Exactly five years ago, in the darkest depths of recession, we had the brainwave to launch a totally new trade journal delivered through the UK’s leading construction colleges to provide the very latest product and technical information to an aspiring new generation of tradespeople.
Apprentice Builder was born and universally well received, as it continues to be today, despite the strongly held belief in certain quarters that you couldn’t engage with young people in any form other than social media.
Clearly well intentioned at the time, we have to confess that there was also a certain amount of self-interest on our part; namely that in the hope of getting young bricklayers, carpenters, roofers and painters on board in their formative years, at the conclusion of their training they would naturally gravitate to our more grown up title, Professional Builder and get their monthly fix from the merchant’s trade counters for years to come.
The manufacturers who support the junior publication were also in it for the long haul, recognising the importance of brand building and a life-long attachment to certain tools and materials which is so prevalent in such a typically conservative market.
So far so good then, but new research suggests that we may have been even more successful in our ambitions than even we had initially intended.
Latest FMB figures show that almost 60 per cent of small construction company owners started their career as an apprentice and, remarkably, were running their own business within just seven years of completing that training. All of which means that in just a couple of years, literally thousands of those fresh-faced early readers will already be well down the path to fully fledged entrepreneurship.
And, of course, it comes as no surprise to learn that they themselves are going to be well inclined to the apprenticeship route, with 98 per cent of those current FMB owners valuing an apprenticeship over a degree when looking to recruit their own staff.
Call us biased but it’s long been our firmly held belief that very few industries have as much to offer a young person blessed with heaps of ambition and entrepreneurial spirit. Certainly, you would be hard pressed to find any other profession that could offer such a fast-track route from, say, bricklayer to business owner in just a handful of years.
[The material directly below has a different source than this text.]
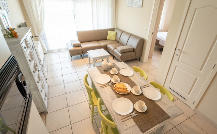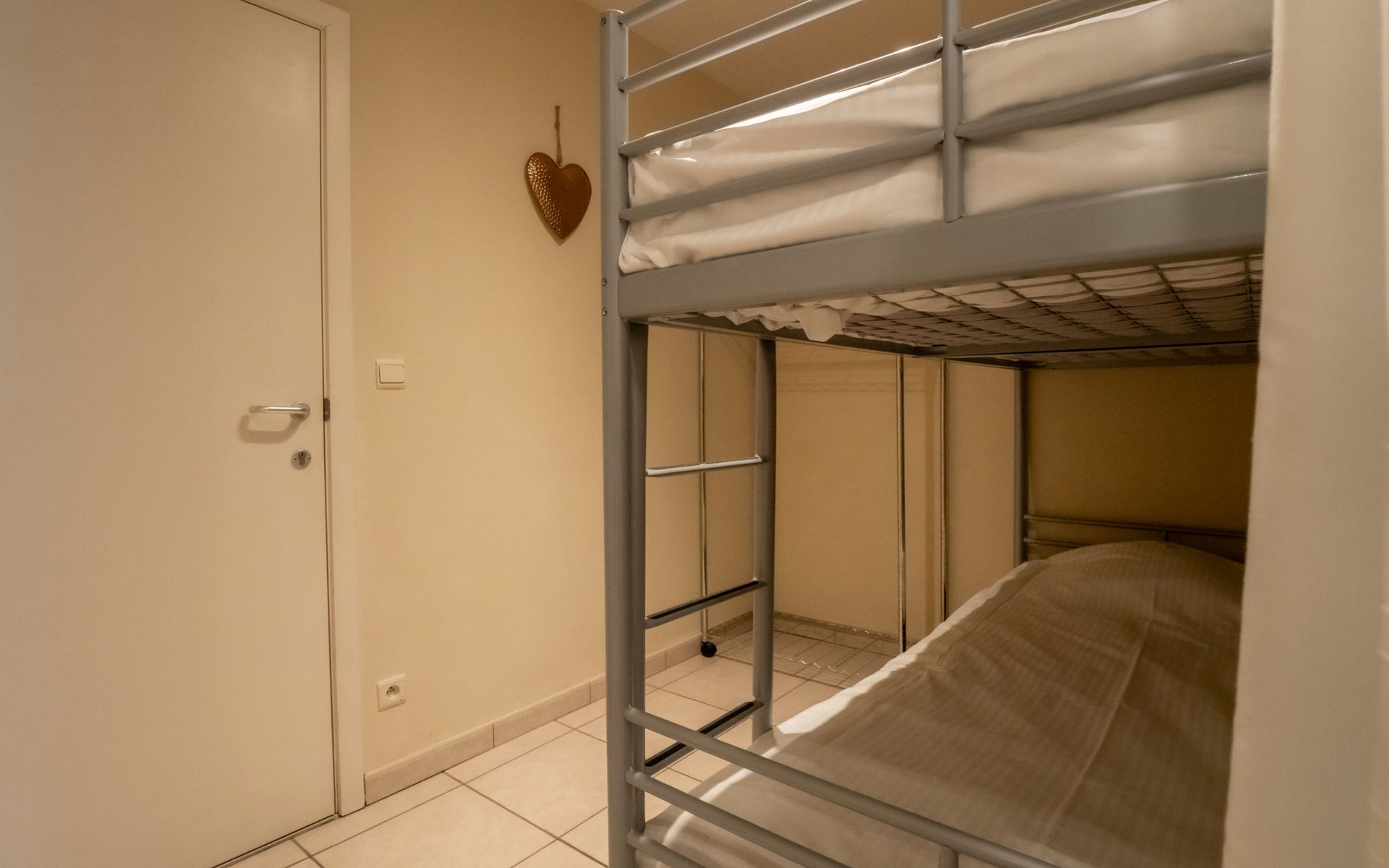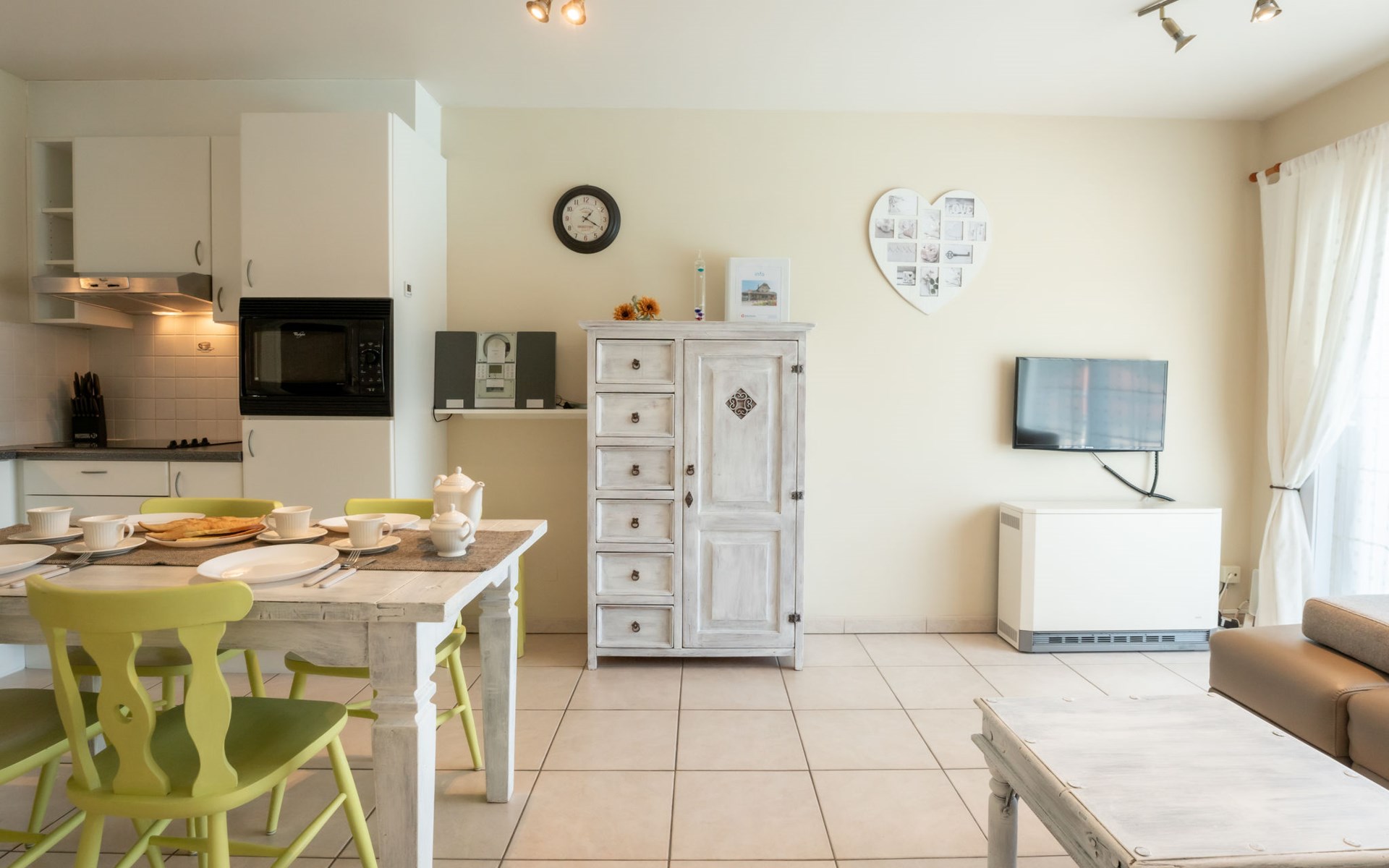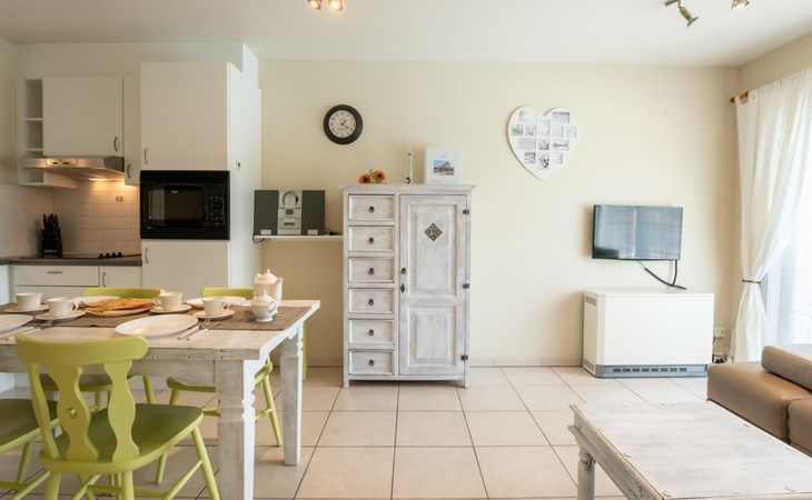 De Haan: Child friendly, modern holiday development "Green Garden", 2 storeys. 750 m from the centre of De Haan, 1.3 km from the sea, 1.3 km from the beach. For shared use: beautiful garden to relax, pond, swimming pool (20 x 10 m, seasonal availability: 16.Jun. - 15.Sep. pool opening hours: 08:00-20:00). Boccia. In the house: lift. Linen change (suppl. charge extra). Towel change (suppl. charge extra). Public parking on the road. Supermarket 700 m, restaurant 500 m, bakery 700 m, bicycle rental 1.5 km, tram "De Haan aan Zee" 700 m, bus stop "De Haan aan Zee" 700 m, railway station "Oostende" 12 km, sandy beach "De Haan" 1 km, park "La Potinière" 1 km. Golf course (18 hole) 1.4 km, surf school 2 km, sailing school 2 km, tennis 1 km, indoor tennis centre 2 km, minigolf 1 km, riding stable 3 km, sports centre 2 km. Nearby attractions: Oostende 10 km, Sea Life 12 km, Brugge 20 km, Plopsaland De Panne 52 km. Please note: suitable for families. The owner does not accept any youth groups. Loading and unloading of baggage is possible at the holiday house. The apartment is located in a zone with limited traffic. Neighbourhood highly sensitive to noise. Quietness and good behaviour expected.

And, of course, even if running their own business is not what some aspire to, an apprenticeship is the perfect springboard for a successful and rewarding career in its own right, with more than 80 per cent of FMB SME construction bosses confirming that employment in the sector offers high levels of job satisfaction with tangible results.
A further 87 per cent believe an apprenticeship teaches useful and practical skills to last a lifetime. What’s more, by the age of 23 a bricklayer with five years’ experience can earn more than £30,000 and rising in some cases to £52,000 in London.
Given the high levels of university tuition fees, young people have more reason than ever to properly consider a more vocational education with the ultimate freedom to work anywhere in the country, or indeed anywhere in the world.
If this industry is to thrive and attract the right sort of person in the future, this portrayal of successful entrepreneurs needs to be heavily promoted, not just in our journals but in the popular media, which are still far too quick to dwell on the negatives.
The Government too, through hard cash and concerted lobbying to potential employers, has a vital to play in recognising that, given the current mood of optimism, it has a once in a generation opportunity to break this seemingly inevitable cycle of skills shortages which have plagued the industry, and in turn the general economy at large for decades.
With the right encouragement, now by 2023 we could all be in seventh heaven!